**RECORDS FOR THIS EXERCISE**
■ ■ ■ ■ ■ ■ ■

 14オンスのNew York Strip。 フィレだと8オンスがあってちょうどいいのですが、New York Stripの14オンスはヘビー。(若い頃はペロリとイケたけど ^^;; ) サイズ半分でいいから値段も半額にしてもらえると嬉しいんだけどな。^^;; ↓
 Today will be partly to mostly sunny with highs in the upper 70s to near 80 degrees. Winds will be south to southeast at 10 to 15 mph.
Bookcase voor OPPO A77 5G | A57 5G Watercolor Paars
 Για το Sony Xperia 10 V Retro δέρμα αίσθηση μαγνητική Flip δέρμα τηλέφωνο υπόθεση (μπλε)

■ ■ ■ ■ ■ ■ ■

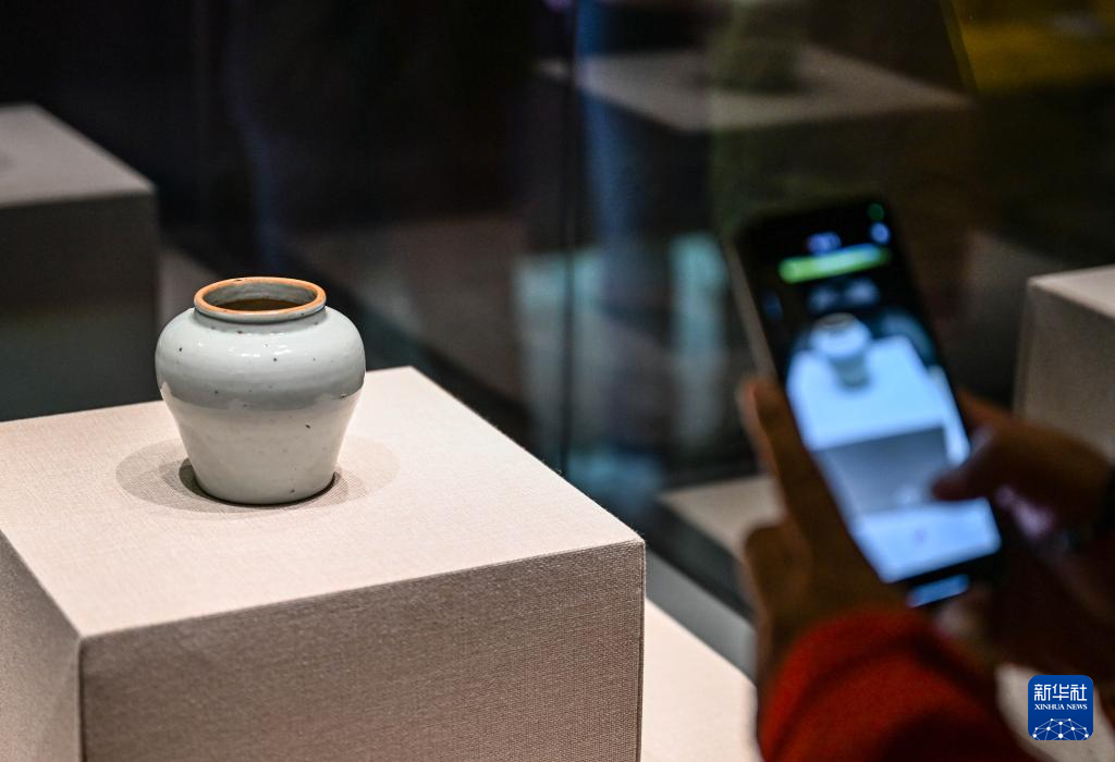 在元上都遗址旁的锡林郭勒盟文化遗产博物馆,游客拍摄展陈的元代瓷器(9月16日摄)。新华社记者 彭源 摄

■ ■ ■ ■ ■ ■ ■

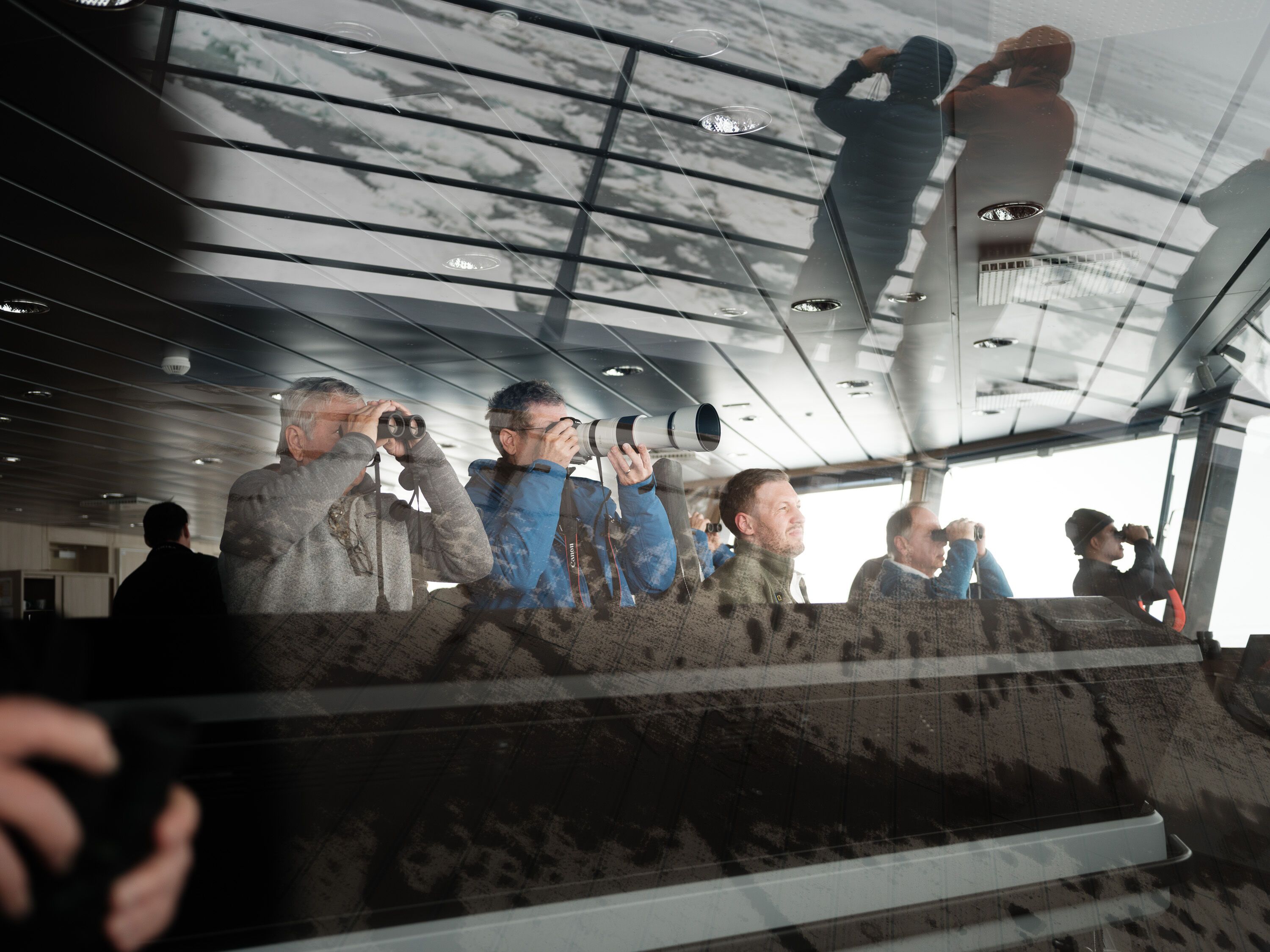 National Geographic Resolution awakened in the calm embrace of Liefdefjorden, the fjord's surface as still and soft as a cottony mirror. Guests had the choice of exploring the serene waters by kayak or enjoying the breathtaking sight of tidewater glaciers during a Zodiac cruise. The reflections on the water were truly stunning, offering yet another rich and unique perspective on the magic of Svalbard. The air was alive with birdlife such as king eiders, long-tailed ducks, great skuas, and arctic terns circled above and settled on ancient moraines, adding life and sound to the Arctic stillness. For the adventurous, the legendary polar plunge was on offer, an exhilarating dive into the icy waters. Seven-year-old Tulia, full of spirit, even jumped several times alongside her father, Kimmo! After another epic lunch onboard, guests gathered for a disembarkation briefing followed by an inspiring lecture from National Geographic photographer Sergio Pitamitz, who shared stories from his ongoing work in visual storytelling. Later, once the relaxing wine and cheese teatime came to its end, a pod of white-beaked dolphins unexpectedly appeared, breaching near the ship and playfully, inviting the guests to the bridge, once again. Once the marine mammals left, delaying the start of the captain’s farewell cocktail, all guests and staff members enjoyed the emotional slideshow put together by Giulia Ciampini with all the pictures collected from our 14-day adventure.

■ ■ ■ ■ ■ ■ ■

**ASSIGNMENT**
Please copy the lines in the records above between the one holding "Bookcase voor OPPO" and the one holding "Για το Sony", inclusive, exactly and with no other line.

**SOLUTION TO THIS EXERCISE**
Bookcase voor OPPO A77 5G | A57 5G Watercolor Paars
 Για το Sony Xperia 10 V Retro δέρμα αίσθηση μαγνητική Flip δέρμα τηλέφωνο υπόθεση (μπλε)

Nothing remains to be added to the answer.